The presence of pores in Figure 3 and Figure 4 may be due to the accumulation of brittle intermetallic particles, which are partially chipped during the preparation of thin sections to study the microstructure. Since EBAM is a multi-layer hardfacing process, residual stress buildup increases with the height of the hardfacing, which exacerbates the initiation of cracks in intermetallic grains.
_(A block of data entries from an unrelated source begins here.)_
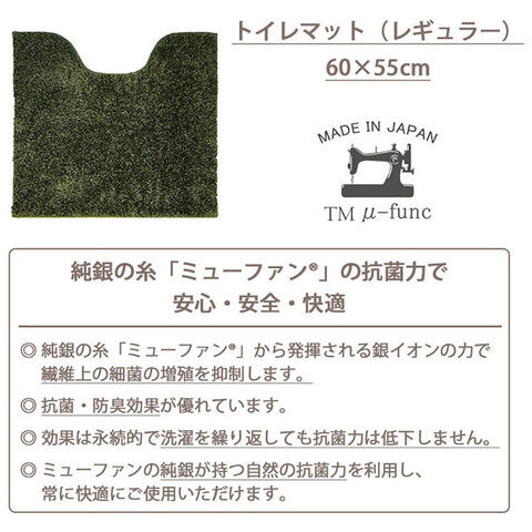 純銀の糸ミューファン(R)を織り込んだマット。銀イオンの力で繊維上の細菌の増殖を抑制。人体には安全な”銀”の持つ自然な力を活用しているので安心。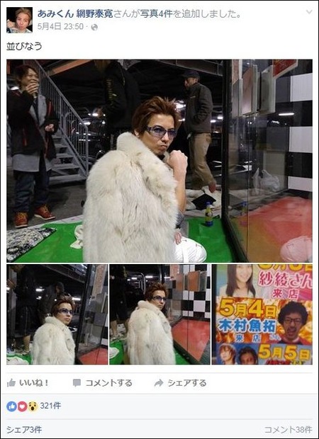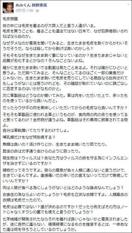 毛皮のコートを着て撮影した画像をFacebookに公開した。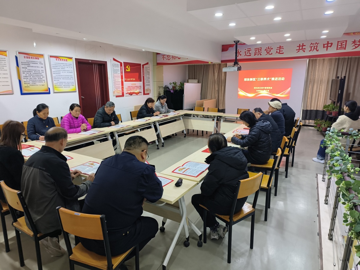 日前,郑东新区城市管理局养犬办组织如意湖办事处城管办、如意湖执法中队、绿地社区及社区群众代表等人员,开展了“三联养犬”推进活动。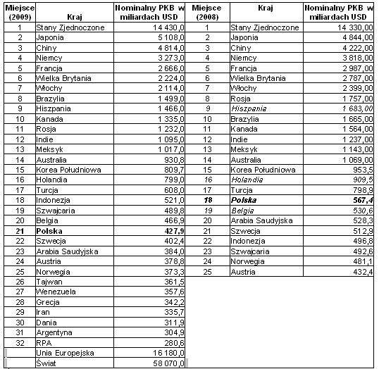 | Miejsce (2009) | Kraj | Nominalny PKB w miliardach USD | Miejsce (2008) | Kraj | Nominalny PKB w miliardach USD |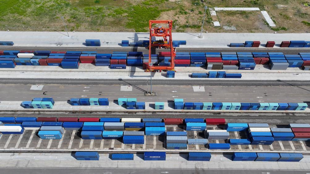口岸站整齊擺放的集裝箱。(中國鐵路哈爾濱局集團有限公司供圖)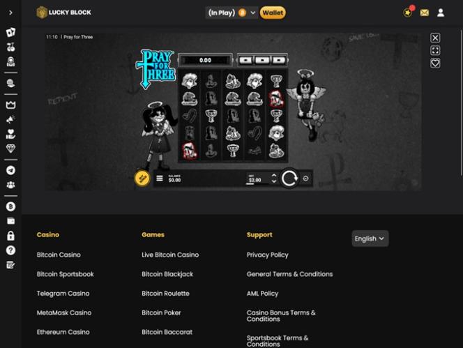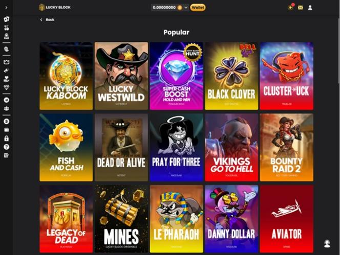 該賭場的平台採用了精美的圖形解決方案,該方案在整個營運商的賭場網路中保持一致。儘管如此,每個品牌的細節和配色方案都是獨一無二的,這為我們在 Luckyblock 的體驗提供了真實的體驗和愉悅的氛圍。
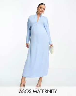 ASOS Maternity ASOS DESIGN Maternity – Vestito Midi Blu Pallido Con Scollo Profondo E Maniche Ad Ali Di Pipistrello

Observed micrograph features, such as particle clumps, pores, and sharp particle corners, do not improve tensile behavior, while compressive strength and wear resistance levels improve with increasing amounts of synthesized intermetallic compounds (Figure 14).

5. Conclusions

The conducted studies show that it is possible to obtain multicomponent multimetal composite materials based on aluminum alloy ER4043 and nickel alloy Udimet-500 using the method of wire additive electron beam technology. The structure resulting from the interaction of the main and alloying elements is represented by a wide range of phases of complex composition and different morphologies. The main drawbacks of the obtained materials are the presence of inhomogeneities of various scale levels and the formation of microcracks in large particles of intermetallic compounds. The reasons for the formation of such defects are significant differences in the density and temperature of nickel and aluminum alloys, the formation of thermal stresses during cooling, and differences in the values of the coefficients of thermal expansion of the intermetallic phases and the metal matrix.
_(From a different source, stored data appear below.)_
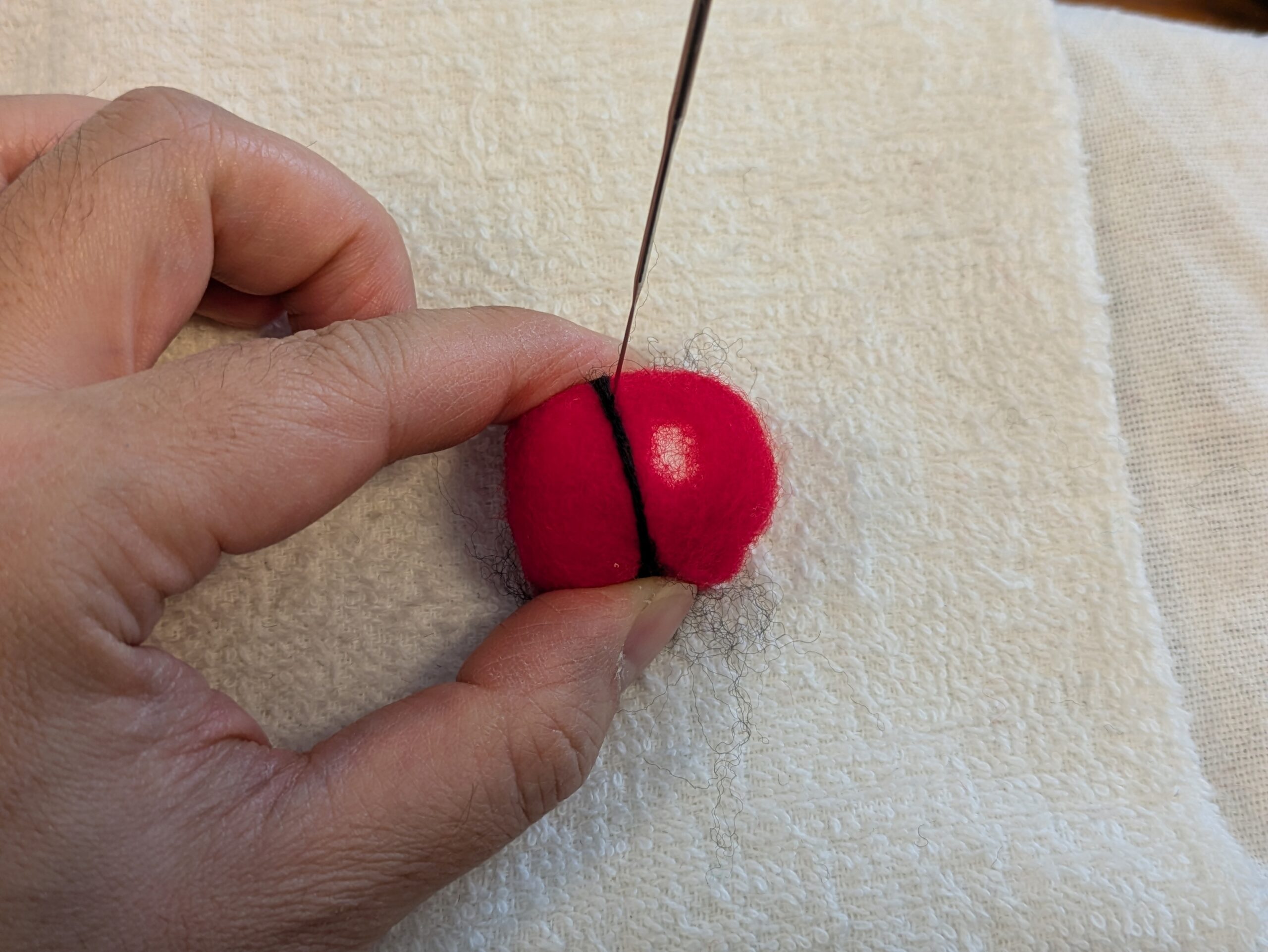 ニードルで刺しすぎると、中の紙粘土が崩れて、細かい白い粉が出てきてしまいます。あくまで仮止めです。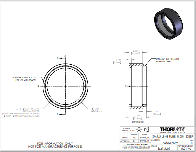 Thorlabs索雷博     SM1.5L05 - SM1.5透镜套筒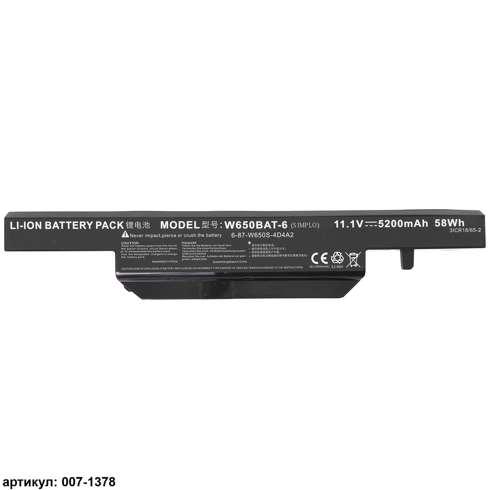 Совместимые P/N: 6-87-W650S-4D4A1, 6-87-W650S-4D7A1, 6-87-W650S-4D7A2, W650BAT-6, 6-87-W650S-4D4A2, 6-87-W650S-4E7, 6-87-W650S-4E72, W650BAT-6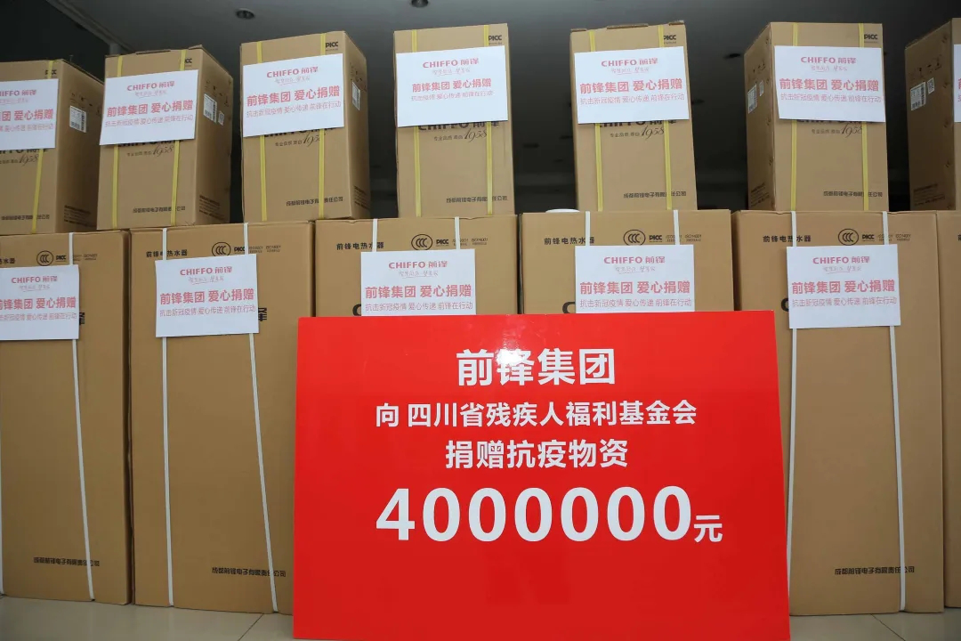 作為公益事業(yè)的積極倡導(dǎo)者,在今年新冠肺炎疫情發(fā)生后,前鋒集團(tuán)已通過四川省殘疾人福利基金會愛心捐贈了總價(jià)值約400萬人民幣的防疫物資,其中包含前鋒廚電產(chǎn)品(前鋒電熱水器、前鋒空氣凈化器)1600臺。這批有利于疫情防控工作的防疫物資正通過四川省殘疾人福利基金會傳遞到眾多困難家庭群眾的手中。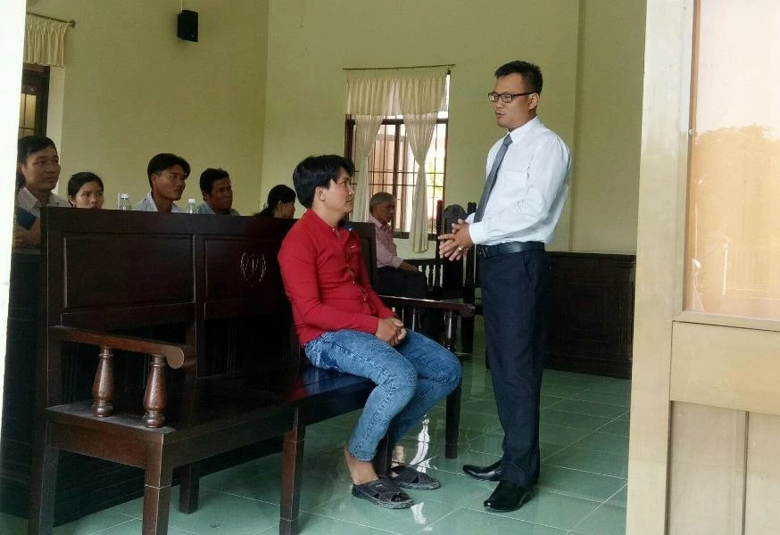 Huỳnh Hữu Nhơn cùng luật sư tại tòa. Ảnh: HD

The results of the study of the structural phase state show that a multicomponent structure is formed in the samples with the presence of solutions based on aluminum -Al or silicon β-Si, intermetallic phases Al₃Ni, Al₃Ni, Al₇₅Co₂₂Ni₃, and Al₅Co, as well as carbides of complex composition AlCCr, Al₈SiC₇, which is confirmed by the results of both the energy dispersive analysis and the X-ray diffraction method. In addition to these phases, intermetallic compounds and solid solutions of AlNi, Al₃Ti, Al₉Co₂, Al(Co,Ni), Al(Co,Ni,Si), Al₃(Ni,Cr,Si), and AlNi(Cr,Co) are also found, which form in smaller amounts and are not identified by the X-ray diffraction method.

A large amount of solid phases leads to the formation of a material with high hardness and low ductility. The fracture of composite specimens under tension and compression is brittle without revealing the stage of plastic flow. Tensile strength values are significantly reduced from the initial 142–164 MPa to 55–123 MPa. In compression, the strength limits increase to 490–570 MPa and 905–1200 MPa with the introduction of 5% and 10% nickel superalloys, respectively. The amount of wear in dry friction tests decreases significantly in composite specimens of both compositions. Its dependence on the nickel concentration is rather ambiguous, although the maximum wear resistance is observed for specimens with a nickel alloy content of 10%. Thus, in addition to the basic possibility of obtaining multiphase composite materials of complex composition using the method of two-wire electron beam technology, it is also possible to obtain relatively wear-resistant products based on aluminum alloys.